Thanks for checking. I was wondering what uses cases openly used
alternatives in modules. It was surprising to see bfq using it for some
architectures.

The problem with this question is that there are quite a bit of uses
of ALTERNATIVE() on many calls on for example arch/arm64/include/.
So really it could land on any module.

> > So I don't understand still how this happened yet.
> 
> Happened what?
> Even on x86 there is a call to apply_alternatives() in module_finalize() in
> arch/x86/kernel/module.c.

> I didn't found alternatives in amd64 modules in kernel 4.19 though...

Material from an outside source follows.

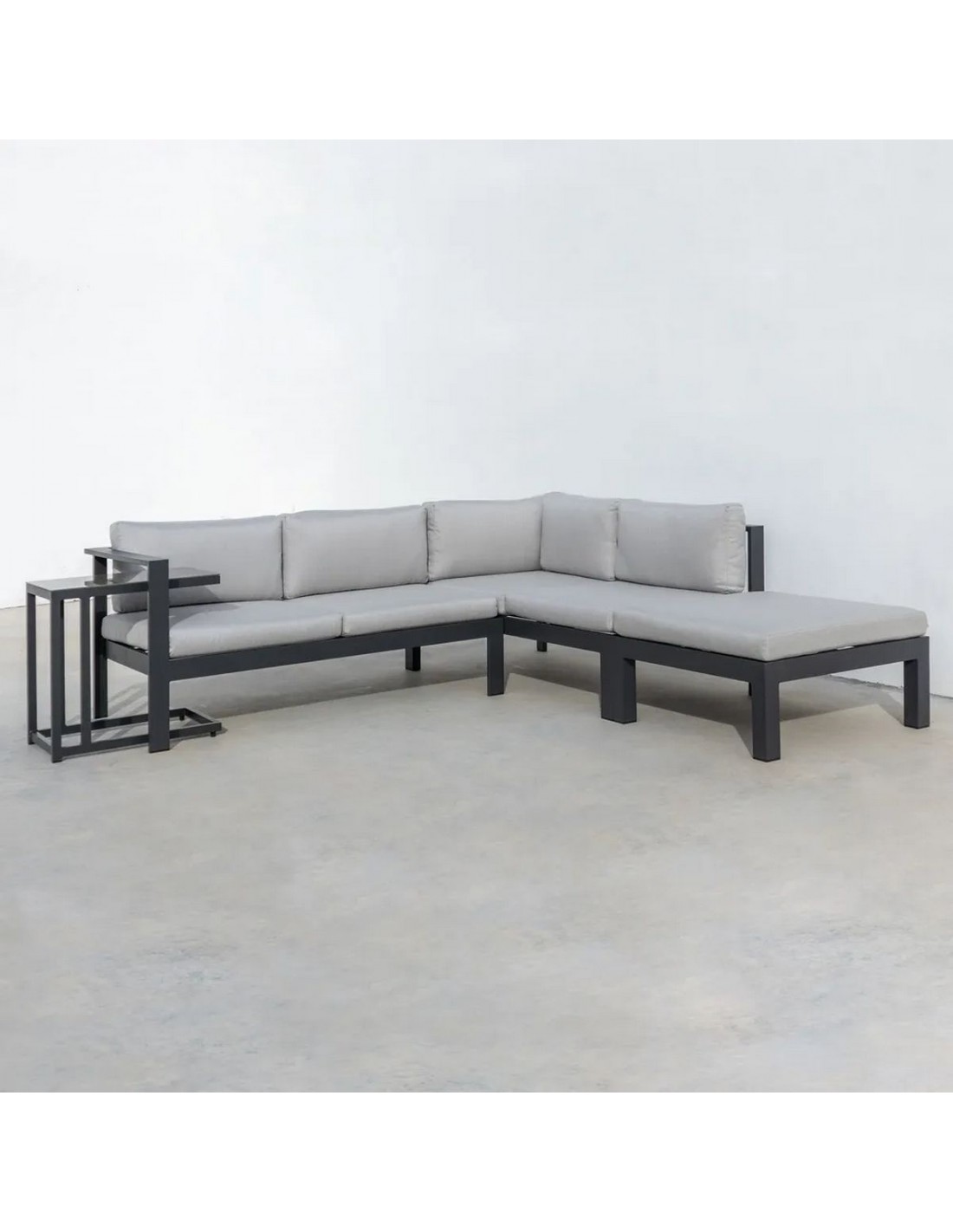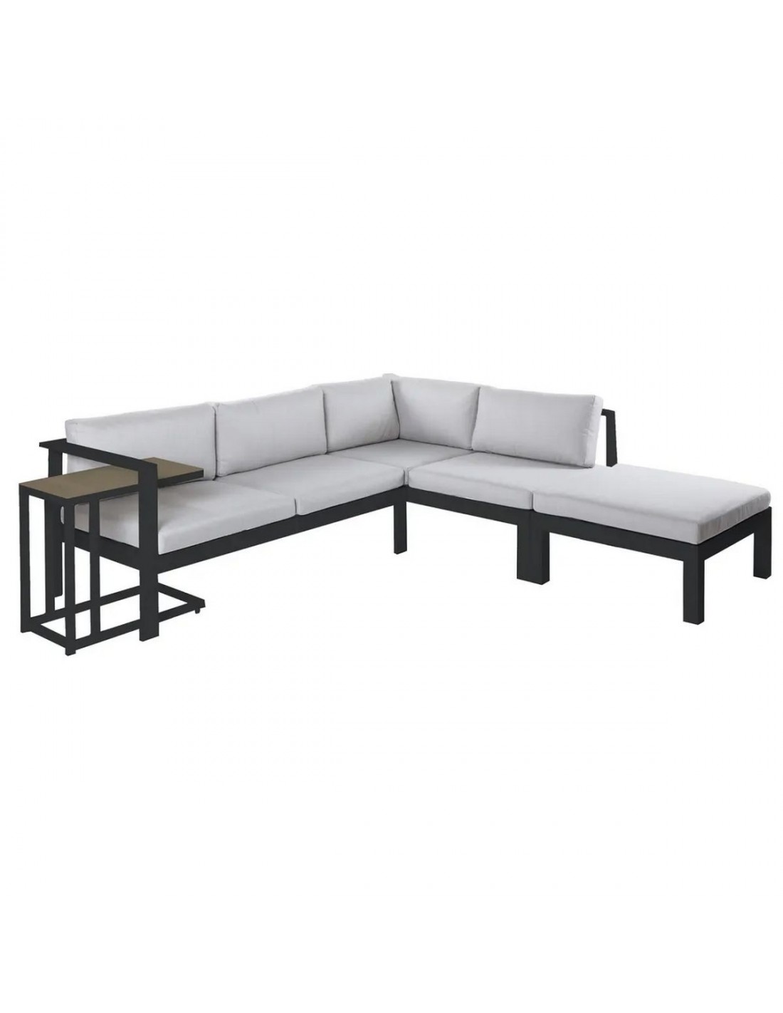 Su estructura modular en forma de L permite aprovechar mejor el espacio en terrazas, patios o jardines, creando una zona social perfecta para reuniones o momentos de relax.

I do see one on bfq on 5.17:

objdump  /lib/modules/5.17.0-1-amd64/kernel/block/bfq.ko -h --section=.altinstructions --section=.altinstr_replacement 
objdump: Warning: Separate debug info file
/usr/lib/modules/5.17.0-1-amd64/kernel/block/bfq.ko found, but CRC does not match - ignoring

/lib/modules/5.17.0-1-amd64/kernel/block/bfq.ko:     file format
elf64-x86-64

Sections:
Idx Name          Size      VMA               LMA               File off
Algn
  3 .altinstr_replacement 0000001c  0000000000000000  0000000000000000  0000c500  2**0
                    CONTENTS, ALLOC, LOAD, READONLY, CODE
  9 .altinstructions 00000054  0000000000000000 0000000000000000  0
                    CONTENTS, ALLOC, LOAD, RELOC, READONLY, DATA

I also them on even filesystems like xfs and so yeah, anywhere where a
primative the achitecture uses which a driver uses will peg an
alternative to a module.

> >> This then led to
> >> undefined behaviour because wrong kernel addresses were patched and we
> >> suddenly faced lots of unrelated bugs, as can be seen in this mail
> >> thread:
> >> https://lore.kernel.org/all/07d91863-dacc-a503-aa2b-05c3b92a1e39@bell.net/T/#mab602dfa32be5e229d5e192ab012af196d04d75d
> >>
> >> This patch adds the missing natural alignment for kernel modules to
> >> avoid unnecessary (hard- or software-based) fixups.
> >
> > Is it correct to infer that issue you found through a bad commit was
> > then through code inspection after the bad commit made the kernel do
> > something stupid with unaligned access to some module altinstructions
> > section ? Ie, that should not have happened.
> 
> Right. Without the bad commit I would not have noticed the problem.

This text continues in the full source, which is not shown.